A volcanic paroxysm is thus immediately the effect of the rapid escape of these imprisoned gases and vapours. With such energy does the explosion sometimes take place, that the ascending column of molten lava is blown into the finest impalpable dust, which may load the air around a volcano for many days before it falls to the ground, or may be borne in the upper regions of the atmosphere round the globe.

The proportion of dissolved gases varies in different lavas, while the lavas themselves differ in the degree of their liquidity. Some flow out tranquilly like molten iron, others issue in a pasty condition and rapidly congeal into scoriæ and clinkers. Thus within the magma itself the amount of explosive energy is far from being always the same.

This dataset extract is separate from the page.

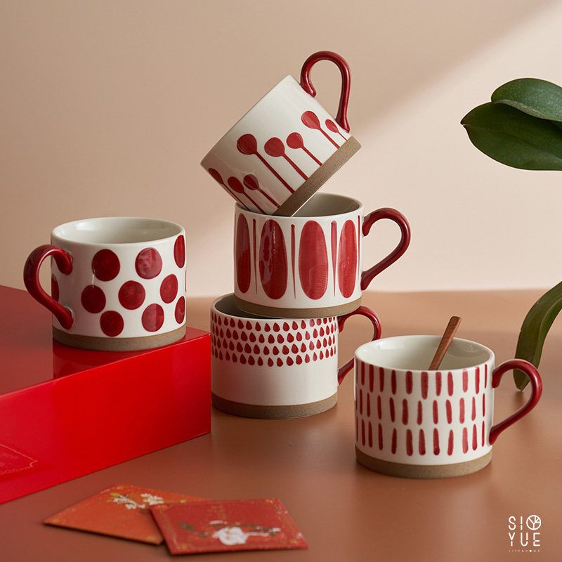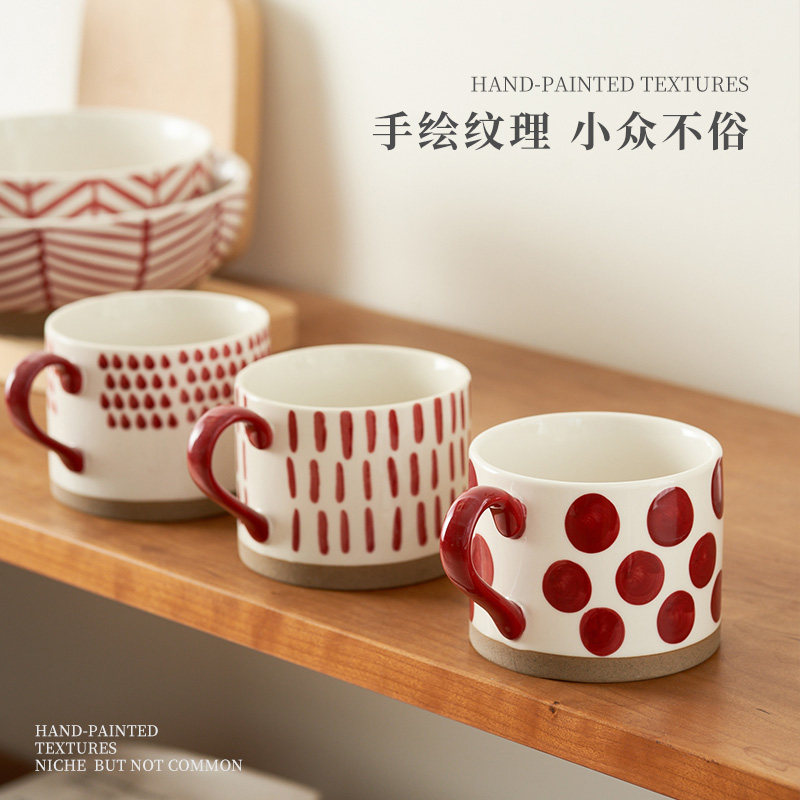 肆月日式手绘咖啡杯艺术感粗陶马克杯复古杯子办公室下午茶高颜值

It is to the co-operation of these two causes—terrestrial contraction and its effects on the one hand, and the tension of absorbed gases and vapours the other—that the phenomena of volcanoes appear to be mainly due. There is no reason to believe that modern volcanoes differ in any essential respect from those of past ages in the earth's history. It might, indeed, have been anticipated that the general energy of the planet would manifest itself in far more stupendous volcanic eruptions in early times than those of the modern period. But there is certainly no geological evidence in favour of such a difference. One of the objects of the present work is to trace the continuity of volcanic phenomena back to the very earliest epochs, and to show that, so far as the geological records go, the interior of the planet has reacted on its exterior in the same way and with the same results.